Digital Image Correlation
DIGITAL IMAGE CORRELATION
Digital Image Correlation, often referred to as DIC, is a 2D or 3D optical tracking technique used to measure deformation, vibration and strain in materials. DIC tracks a gray value pattern in subsets through digital imaging. You will often see this speckled pattern on objects such as aluminum, rubber, glass, and plastics. This technique is used for a variety of tests including torsion, tinsel, bending, or load testing. DIC can be used on very small or large testing areas.
For two-dimensional DIC tracking, a single high-speed camera can capture the deformation in a single plane. For three-dimensional DIC tracking, two high-speed cameras are need for simultaneous recording. By using multiple synchronized cameras along with DIC software, you can create 3D renderings of your object allowing you to enhance your visualization. Photron high-speed cameras are utilized by all DIC system integrators worldwide.
A camera’s minimum exposure time is often a critical factor in choosing a high-speed camera. Some very fast high-speed events require extremely short exposure times – sometimes even less than 1 microsecond – to stop the motion of those high-speed events. A camera’s ability to achieve a sub-microsecond exposure is dependent on two things. First, the camera’s sensor must be capable of performing such a short exposure. Second, the camera’s sensor must be sensitive enough that when it does utilize a sub-microsecond exposure it can capture enough photons of light during the exposure to be able to generate video that is of sufficient quality for analysis. A short exposure does no good if the end result is a sequence of images that are so dark that you cannot see what happened within the high-speed event.

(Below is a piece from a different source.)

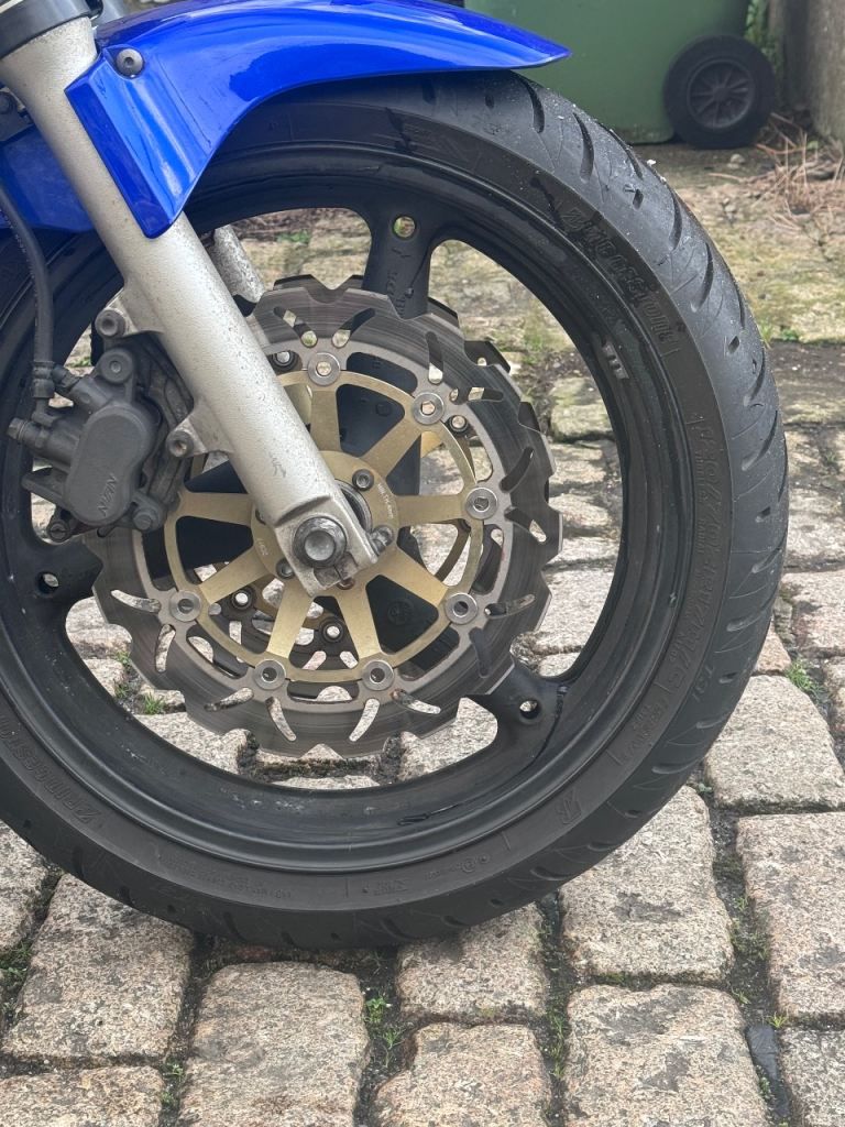 I’ve spent loads on it new tyres front and rear (Bridgestone battle axe ) wavy discs front and rear new did chain and sprockets new rear shock new bars and mirrors belly pan r an g crash bungs new rear plastics clear rear tail light (led) Scott oiler

Virtual Engineering Lab Using Photron High-Speed Cameras for Aviation Research
Wichita State University’s National Institute for Aviation Research (NIAR) is using high-speed digital cameras, manufactured by Photron, in their Virtual Engineering Laboratory in a variety of testing modes such as high-impact dynamic events.
Laboratory Director Gerardo Olivares uses Photron’s FASTCAM SA-Z models to capture high-resolution images of events that happen too fast for the eye to see. The SA-Z high-speed cameras capture up to 20,000 fps at full resolution of 1024 x 1024 pixels.